Source records —
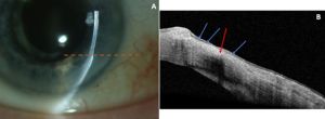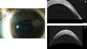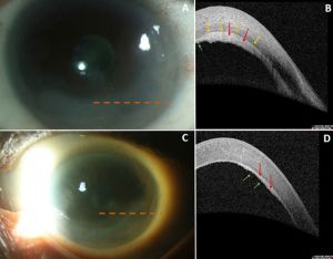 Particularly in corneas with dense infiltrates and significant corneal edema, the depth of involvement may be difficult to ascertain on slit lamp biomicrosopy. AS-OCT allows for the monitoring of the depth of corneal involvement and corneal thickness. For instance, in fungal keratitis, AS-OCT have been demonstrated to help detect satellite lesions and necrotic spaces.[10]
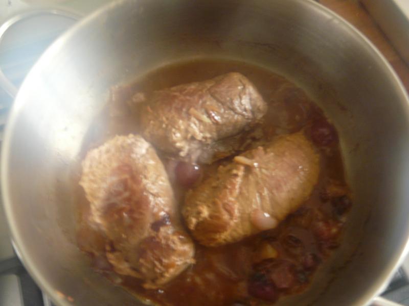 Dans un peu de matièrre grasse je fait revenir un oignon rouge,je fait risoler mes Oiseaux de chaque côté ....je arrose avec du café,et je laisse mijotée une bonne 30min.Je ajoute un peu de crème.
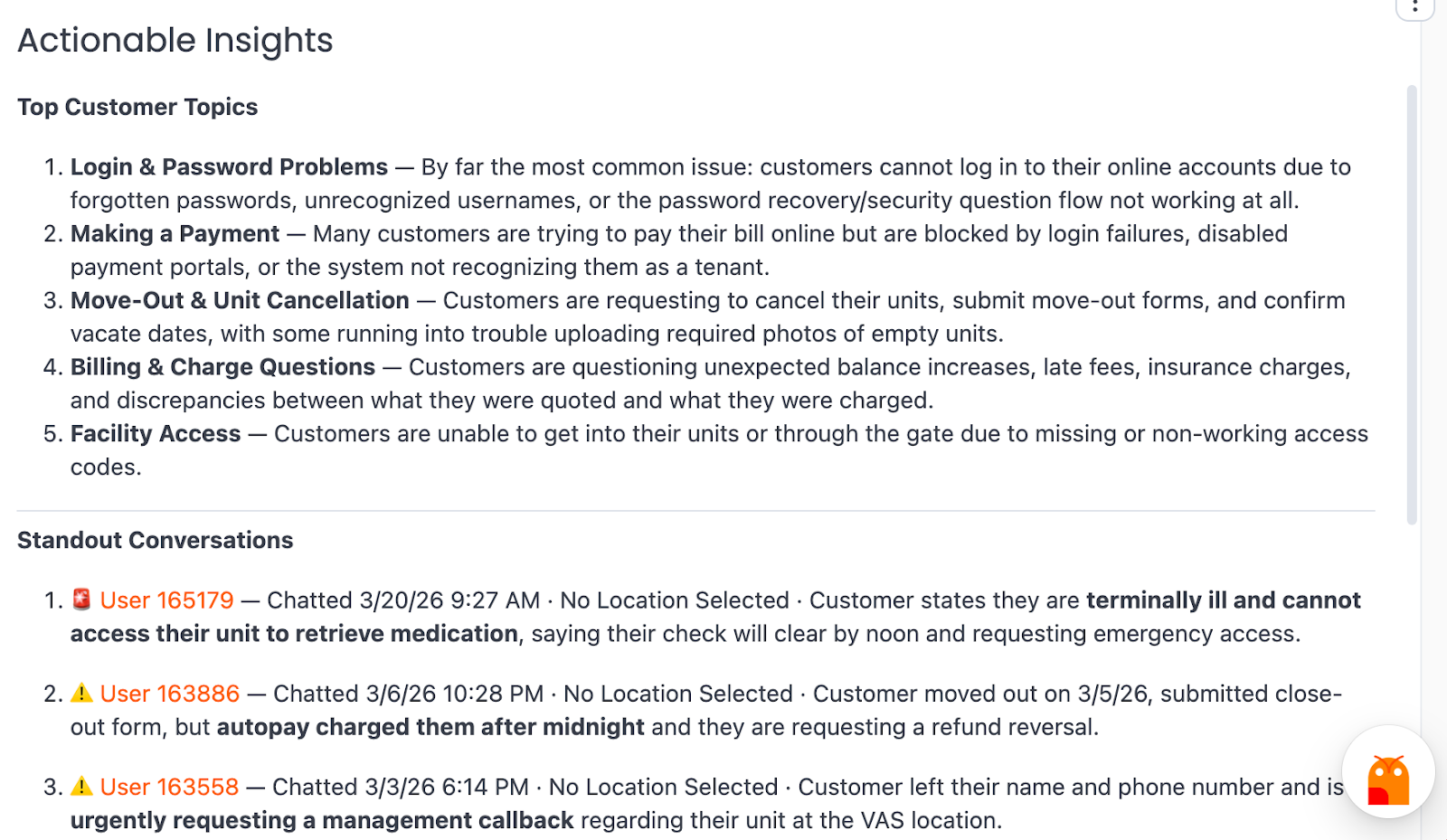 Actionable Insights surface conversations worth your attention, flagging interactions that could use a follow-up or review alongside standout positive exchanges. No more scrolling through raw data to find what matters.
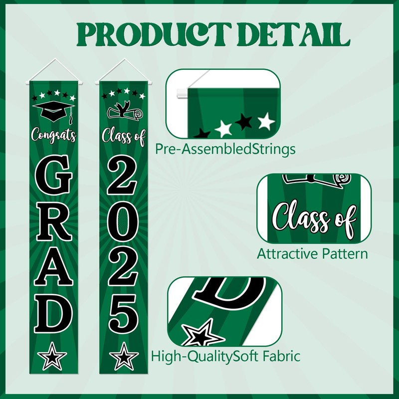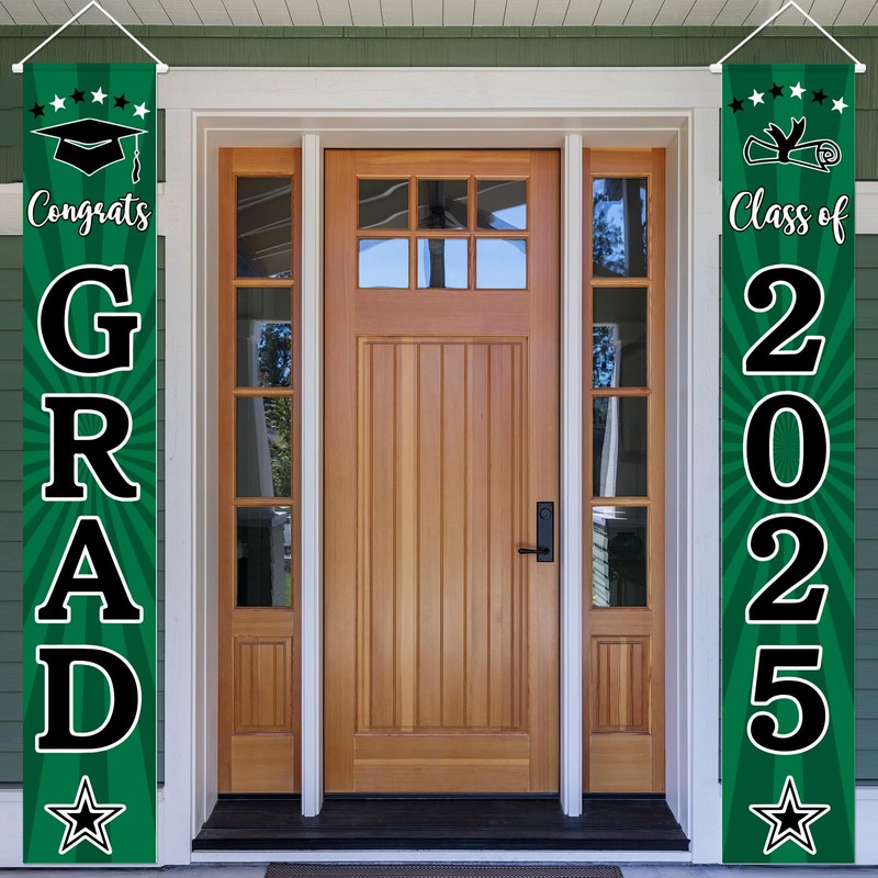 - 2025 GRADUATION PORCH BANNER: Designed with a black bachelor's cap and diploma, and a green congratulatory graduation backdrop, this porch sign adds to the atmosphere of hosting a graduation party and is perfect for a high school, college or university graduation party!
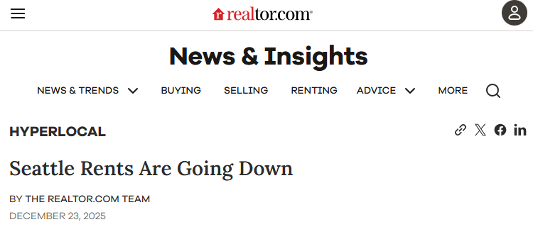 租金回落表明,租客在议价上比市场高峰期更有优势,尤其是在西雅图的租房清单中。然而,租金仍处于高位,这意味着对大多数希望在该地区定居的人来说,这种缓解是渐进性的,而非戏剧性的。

Your goal — From first line to last, return the records verbatim without their pictures.

Task solution —
 Particularly in corneas with dense infiltrates and significant corneal edema, the depth of involvement may be difficult to ascertain on slit lamp biomicrosopy. AS-OCT allows for the monitoring of the depth of corneal involvement and corneal thickness. For instance, in fungal keratitis, AS-OCT have been demonstrated to help detect satellite lesions and necrotic spaces.[10]
 Dans un peu de matièrre grasse je fait revenir un oignon rouge,je fait risoler mes Oiseaux de chaque côté ....je arrose avec du café,et je laisse mijotée une bonne 30min.Je ajoute un peu de crème.
 Actionable Insights surface conversations worth your attention, flagging interactions that could use a follow-up or review alongside standout positive exchanges. No more scrolling through raw data to find what matters.
 - 2025 GRADUATION PORCH BANNER: Designed with a black bachelor's cap and diploma, and a green congratulatory graduation backdrop, this porch sign adds to the atmosphere of hosting a graduation party and is perfect for a high school, college or university graduation party!
 租金回落表明,租客在议价上比市场高峰期更有优势,尤其是在西雅图的租房清单中。然而,租金仍处于高位,这意味着对大多数希望在该地区定居的人来说,这种缓解是渐进性的,而非戏剧性的。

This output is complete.